I have a cluster of agents on physical machines and VMs which are started on demand, I use the disconnect-after-idle-timeout option to stop the agent process when there is no work and OS-specific methods of varying hackyness to shut the machine down after that.
It would be nice if the agent process termination reason (e.g. signal, timeout, something else…) was provided to the agent-shutdown hook, then I could simply have a hook which schedules a shutdown of the host system when the agent exits due to the idle timeout expiring, and manually stopping the agent (e.g. for maintenance) would skip the system shutdown.

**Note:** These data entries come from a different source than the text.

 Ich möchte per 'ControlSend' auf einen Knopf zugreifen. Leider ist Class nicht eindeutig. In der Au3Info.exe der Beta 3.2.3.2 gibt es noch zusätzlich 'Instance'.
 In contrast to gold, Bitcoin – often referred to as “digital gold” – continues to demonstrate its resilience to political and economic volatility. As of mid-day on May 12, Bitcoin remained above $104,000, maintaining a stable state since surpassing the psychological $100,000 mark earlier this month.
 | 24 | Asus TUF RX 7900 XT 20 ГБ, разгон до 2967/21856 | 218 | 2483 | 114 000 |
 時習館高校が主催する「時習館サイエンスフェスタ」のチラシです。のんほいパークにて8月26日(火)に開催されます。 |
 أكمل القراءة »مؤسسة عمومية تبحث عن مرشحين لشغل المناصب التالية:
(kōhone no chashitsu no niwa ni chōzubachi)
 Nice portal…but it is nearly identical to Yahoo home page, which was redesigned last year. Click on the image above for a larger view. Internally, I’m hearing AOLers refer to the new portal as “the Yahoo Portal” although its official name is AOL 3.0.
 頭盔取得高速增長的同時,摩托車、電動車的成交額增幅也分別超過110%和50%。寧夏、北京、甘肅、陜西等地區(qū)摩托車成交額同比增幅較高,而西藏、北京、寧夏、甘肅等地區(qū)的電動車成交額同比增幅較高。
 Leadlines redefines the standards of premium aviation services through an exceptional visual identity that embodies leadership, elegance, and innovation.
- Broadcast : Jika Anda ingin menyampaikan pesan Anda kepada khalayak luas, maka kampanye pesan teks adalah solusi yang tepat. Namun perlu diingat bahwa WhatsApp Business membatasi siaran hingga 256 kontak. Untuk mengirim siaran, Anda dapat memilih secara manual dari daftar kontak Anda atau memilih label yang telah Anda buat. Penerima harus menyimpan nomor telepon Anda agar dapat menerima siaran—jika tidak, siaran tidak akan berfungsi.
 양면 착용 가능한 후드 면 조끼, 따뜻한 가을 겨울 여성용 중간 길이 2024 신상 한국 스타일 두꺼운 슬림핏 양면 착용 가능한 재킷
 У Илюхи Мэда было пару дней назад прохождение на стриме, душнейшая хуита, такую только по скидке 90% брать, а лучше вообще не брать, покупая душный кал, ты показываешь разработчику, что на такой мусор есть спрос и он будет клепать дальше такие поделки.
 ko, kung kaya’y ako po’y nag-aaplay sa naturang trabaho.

Could you share how you’re currently running your agents—are they part of a self-managed fleet, or are you using our Elastic CI Stack on AWS?
At the moment, the shutdown reason isn’t available to pass into the agent-shutdown hook. However, the agent logs do emit the message "All agents have been idle for N seconds. Disconnecting" before shutting down. Would it be possible for you to monitor this log line and trigger a scheduled shutdown of the host accordingly?
Just to clarify, the disconnect-after-idle-timeout setting only takes effect once all agents on a host are idle and ready to disconnect.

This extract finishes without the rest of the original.